BiTsnews: Gibt es auch Tage, an denen du bereust, dich für Warendorf entschieden zu haben?                                                    

Benjamin:
Nein, glücklicherweise überhaupt nicht. Wir haben uns das sehr genau überlegt, gerade was den finanziellen Aufwand anbelangt. Zudem hab ich die Schule vorzeitig abgebrochen und Fachabitur gemacht. Aber all das war genau die richtige Entscheidung, ich fühle mich hier sehr wohl.
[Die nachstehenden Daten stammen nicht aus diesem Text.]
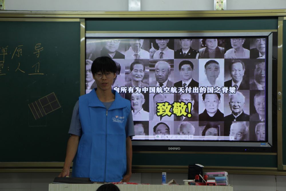 在課程開始前,志愿者先帶領學生一起朗誦《讀中國》,在那朗朗讀書聲中,向著東方喊出:我愛你中國!厚重悠長的歷史與蓬勃生機的時代力量交匯融合,共同奔向新的未來!在上課中,志愿者為學生們詳細介紹了我國的航天發展史,從天宮二號空間實驗室,到神舟十一號載人飛船再到現在空間站技術的運用。在無比浩瀚的星空里,在永無止境的探索中,踔厲奮發、勇毅前行,中國載人航天事業將不斷創造新輝煌,中國人的飛天腳步將向更加遼闊深邃的宇宙邁進。

BiTSnews: Benjamin, mit welchen 3 Worten würdest Du dich selbst beschreiben?                                                                                           

Benjamin:     
                                                                                                                                                                

1.ehrgeizig                                                                                  
                                                                                   2.optimistisch                                                                                                                                                            
3.fröhlich

BiTSnews: Welche 3 Dinge sind beim Turnier immer dabei?                                                                      

Benjamin:                                                                       
         
1. mein Handy"
2. meine "Glücksgerte"
3. meine Mutter                                                                                                           

BiTSnews: Welche 3 Dinge hast Du vom Reitsport gelernt?          

Benjamin:
                                                                                                                                       1. Ohne die absolute Harmonie zwischen Pferd und Reiter hat man in diesem Sport keine Chance                                                               
2. Erfolg kann man nicht kaufen                                                         
3. Sieg und Niederlage liegen oft sehr nah beieinander und sind bis kurz vor Schluss nicht beeinflussbar

BiTSnews: Wo treffen wir Benjamin Winter in 10 Jahren?               

Benjamin:
Das kann ich nicht sagen. Der Erfolg im Reitsport ist natürlich immer eng an die Gesundheit des Pferdes und die eigene gekoppelt. Bei jedem Ritt geht man gleichzeitig das Risiko ein, sich zu verletzen, die Karriere kann also jeder Zeit vorbei sein. Dann wäre ein Beruf im Bereich Eventmanagement eine vorstellbare Alternative.